From: Oleg Nesterov <oleg@redhat.com>
To: Michel Lespinasse <walken@google.com>
Cc: David Howells <dhowells@redhat.com>,
Thomas Gleixner <tglx@linutronix.de>,
torvalds@linux-foundation.org, akpm@linux-foundation.org,
linux-kernel@vger.kernel.org
Subject: Re: [RFC PATCH 0/5] tasklist_lock fairness issues
Date: Sat, 9 Mar 2013 19:26:13 +0100 [thread overview]
Message-ID: <20130309182613.GA32343@redhat.com> (raw)

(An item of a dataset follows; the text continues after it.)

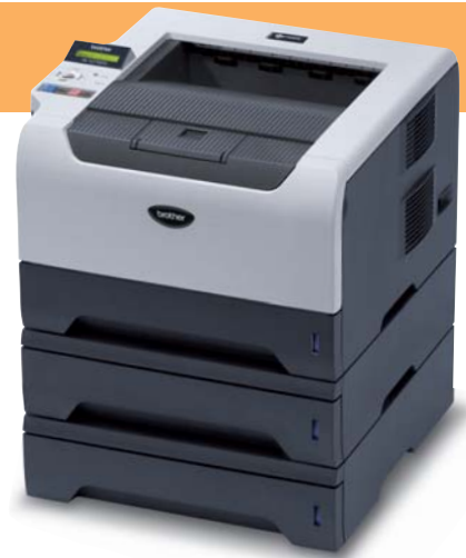
HL-5280DW inklusive zwei optionaler Papierkassetten

Bei Teamdruckern spielt neben der Performance auch das Papier-Management eine wesentliche Rolle. Der HL-5280DW verfügt über eine 250 Blatt Papierkassette sowie eine 50-Blatt-Multifunktionszufuhr. Sollten 300 Blatt Papierkapazität nicht ausreichen, kann der Drucker um bis zu zwei weitere Kassetten für jeweils 250 Blatt optional aufgerüstet werden. Insgesamt 800 Blatt bieten nicht nur reichlich Vorrat, sondern machen auch flexibel bei der Papierwahl. Die Zuführungen können gezielt angesteuert werden, sodass verschiedene Papiertypen und -größen gleichzeitig benutzt werden können.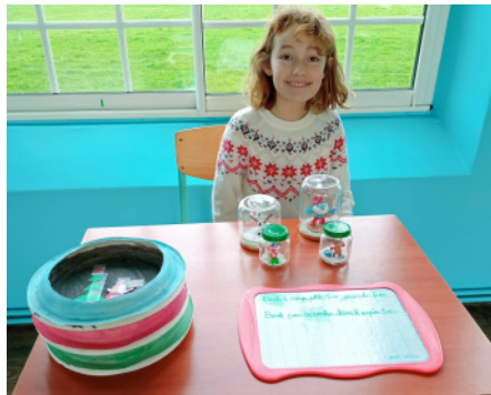
Mona = Boules à neige

In-Reply-To: <1362717437-1729-1-git-send-email-walken@google.com>
Hi Michel,
Well. I can't say I really like this. 4/5 itself looks fine, but other
complications do not look nice, at least in the long term. Imho, imho,
I can be wrong.
Everyone seem to agree that tasklist should die, this series doesn't
even try to solve the fundamental problems with this global lock.
However, I agree. tasklist rework can take ages, so probably we need
to solve at least the write-starvation problem right now. Probably this
series is correct (I didn't read it except 4/5), but too complex.
Can't we do some simple hack to avoid the user-triggered livelocks?
Say, can't we add
// Just for illustration, at least we need CONTENDED/etc
void read_lock_fair(rwlock_t *lock)
{
while (arch_writer_active(lock))
cpu_relax();
read_lock(lock);
}
and then turn some of read_lock's (do_wait, setpriority, more) into
read_lock_fair?
I have to admit, I do not know how rwlock_t actually works, and it seems
that arch_writer_active() is not trivial even on x86. __write_lock_failed()
changes the counter back, and afaics you can't detect the writer in the
window between addl and subl. Perhaps we can change __write_lock_failed()
to use RW_LOCK_BIAS + HUGE_NUMBER while it spins, but I am not sure...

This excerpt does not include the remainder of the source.